Show Abstract | Download Original | Original Source | Check in Google Scholar | DOI: 10.31603/mesi.11646

Abstract

This study focuses on optimizing the CNC plasma cutting process for Stainless Steel 410 alloy, a type of martensitic stainless steel known for its high strength, hardness, and good corrosion resistance, using Response Surface Methodology (RSM) combined with advanced optimization methods. Key input variables, including cutting current, speed, and torch height, were systematically analyzed to enhance cutting efficiency by minimizing machining time and surface roughness while maximizing material removal rate.
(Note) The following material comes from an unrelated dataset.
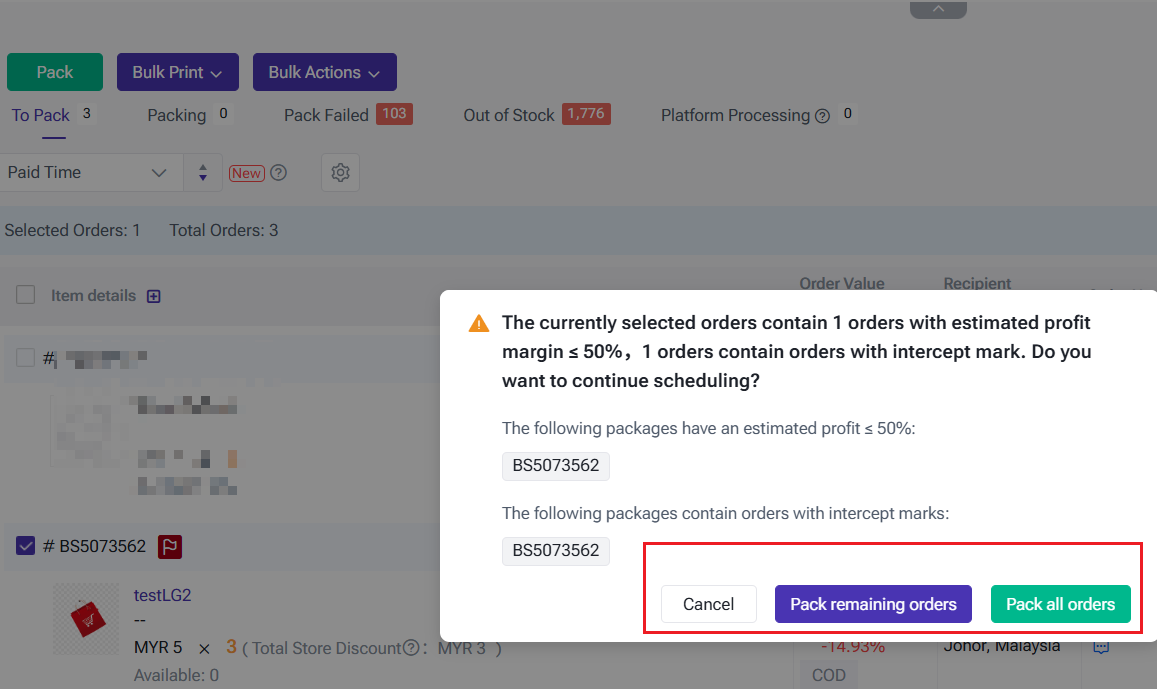 To prevent accidentally packing orders with low profits, flagged buyers, or blacklisted buyers in bulk, users can configure interception rules. The system will display a pop-up when the estimated profit margin of an order is ≤ X%. The following options will then show up:

The experimental approach utilized a Central Composite Design (CCD) with 18 trials and Analysis of Variance (ANOVA) to validate linear models as optimal predictors for response variables. Results indicate that cutting speed significantly influences machining time and material removal rate, while cutting current and torch height also influence surface roughness. To improve prediction accuracy and explore the parameter space beyond experimental trials, Artificial Neural Networks (ANN) were implemented, demonstrating superior predictive capabilities compared to RSM alone. Moreover, Multi-Objective Genetic Algorithm (MOGA) and Multi-Objective Ant Lion Optimizer (MOALO) were employed to refine optimization outcomes, addressing trade-offs between conflicting objectives. The optimal configuration, identified as a cutting current of 85.31 A, a speed of 1500 mm/min, and a torch height of 5 mm, achieved a machining time of 0.665 minutes, a surface roughness of 1.77 μm, and a material removal rate of 77.08 g/min. These findings underscore the effectiveness of integrating statistical methods with machine learning and advanced optimization algorithms for precision manufacturing. The study offers a comprehensive framework for improving process efficiency and quality in CNC plasma cutting, catering to the growing demand for high-performance cutting techniques in the steel industry.